§ **WHAT YOU SHOULD DO**
Look through the data below for the line with "活動官網登入發票就行,要注意" and the line with "The Sori Yanagi", then transcribe exactly from the first through the second, leaving out all pictures.

§ **DATA**
Segment Open
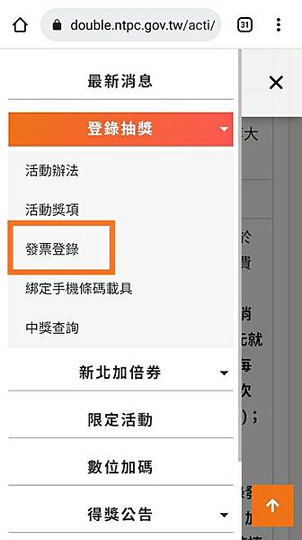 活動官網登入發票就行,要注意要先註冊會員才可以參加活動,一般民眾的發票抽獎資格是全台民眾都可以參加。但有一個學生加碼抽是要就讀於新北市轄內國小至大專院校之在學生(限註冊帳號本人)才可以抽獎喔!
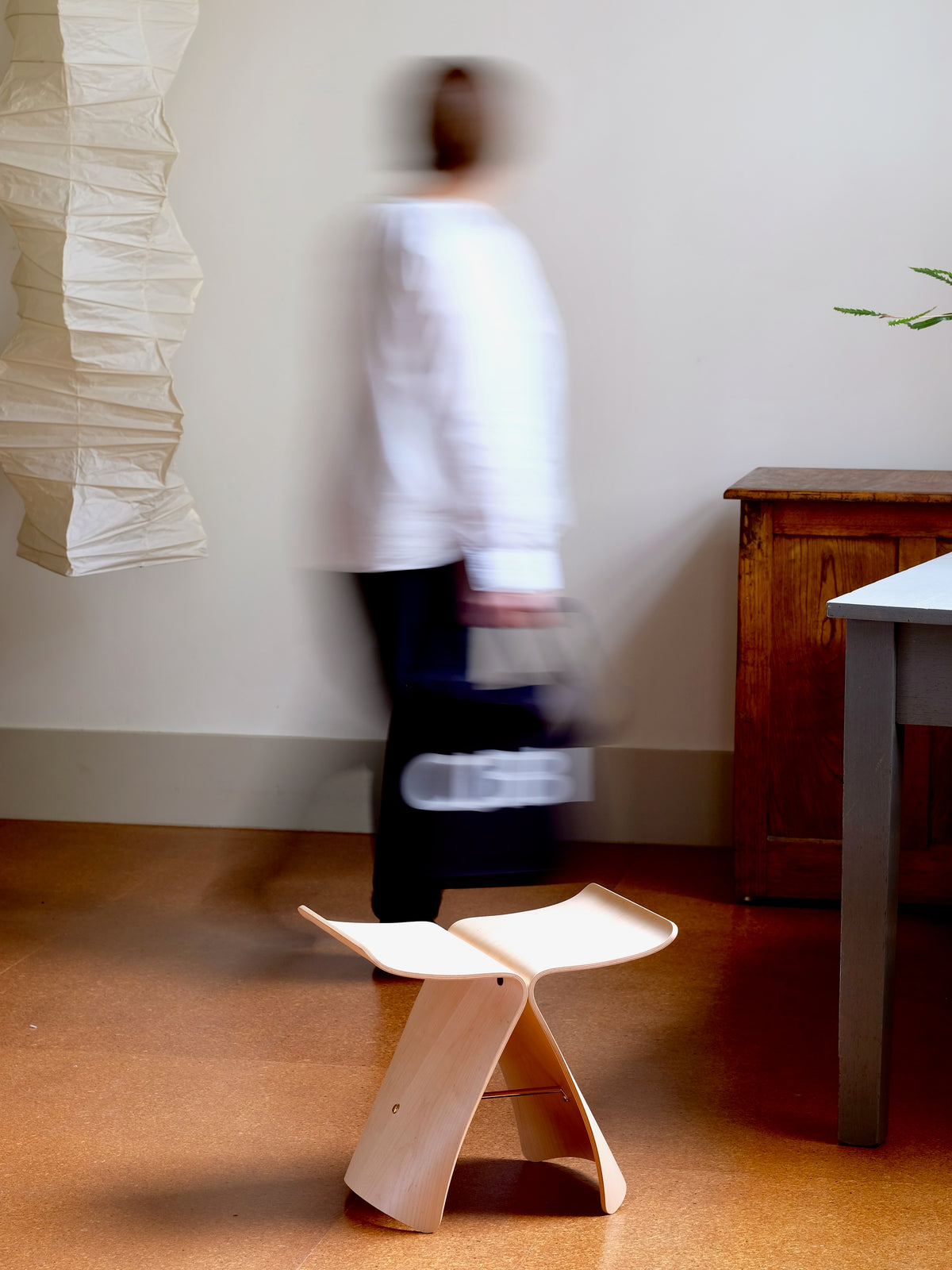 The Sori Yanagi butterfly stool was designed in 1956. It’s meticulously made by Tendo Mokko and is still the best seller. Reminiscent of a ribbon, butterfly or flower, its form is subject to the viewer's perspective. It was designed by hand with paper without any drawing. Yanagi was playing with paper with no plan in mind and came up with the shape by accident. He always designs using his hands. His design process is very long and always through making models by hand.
Segment Closed
Segment Open
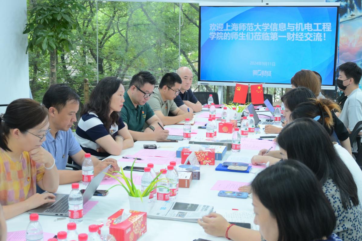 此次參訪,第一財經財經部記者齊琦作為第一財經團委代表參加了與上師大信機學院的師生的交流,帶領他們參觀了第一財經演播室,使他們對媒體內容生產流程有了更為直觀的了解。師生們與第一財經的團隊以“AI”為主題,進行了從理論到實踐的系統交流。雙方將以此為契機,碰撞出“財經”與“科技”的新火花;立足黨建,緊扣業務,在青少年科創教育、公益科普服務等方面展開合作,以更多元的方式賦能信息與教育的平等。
Segment Closed
Segment Open
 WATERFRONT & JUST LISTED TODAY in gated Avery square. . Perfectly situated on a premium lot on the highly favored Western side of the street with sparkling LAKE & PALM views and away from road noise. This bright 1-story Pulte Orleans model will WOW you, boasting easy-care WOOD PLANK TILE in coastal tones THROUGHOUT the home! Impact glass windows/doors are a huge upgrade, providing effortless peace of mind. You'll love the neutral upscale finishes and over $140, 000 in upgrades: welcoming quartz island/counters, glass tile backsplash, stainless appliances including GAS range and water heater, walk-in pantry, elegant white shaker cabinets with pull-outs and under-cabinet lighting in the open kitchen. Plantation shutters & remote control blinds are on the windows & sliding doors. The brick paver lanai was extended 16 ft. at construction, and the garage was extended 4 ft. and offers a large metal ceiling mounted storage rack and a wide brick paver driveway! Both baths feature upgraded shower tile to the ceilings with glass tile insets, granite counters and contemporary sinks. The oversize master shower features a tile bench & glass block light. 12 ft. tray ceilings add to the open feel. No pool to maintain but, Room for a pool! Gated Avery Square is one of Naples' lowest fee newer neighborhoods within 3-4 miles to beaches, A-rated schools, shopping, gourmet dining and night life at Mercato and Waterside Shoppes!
Segment Closed
§ **ANSWER TO THIS TASK**
 活動官網登入發票就行,要注意要先註冊會員才可以參加活動,一般民眾的發票抽獎資格是全台民眾都可以參加。但有一個學生加碼抽是要就讀於新北市轄內國小至大專院校之在學生(限註冊帳號本人)才可以抽獎喔!
 The Sori Yanagi butterfly stool was designed in 1956. It’s meticulously made by Tendo Mokko and is still the best seller. Reminiscent of a ribbon, butterfly or flower, its form is subject to the viewer's perspective. It was designed by hand with paper without any drawing. Yanagi was playing with paper with no plan in mind and came up with the shape by accident. He always designs using his hands. His design process is very long and always through making models by hand.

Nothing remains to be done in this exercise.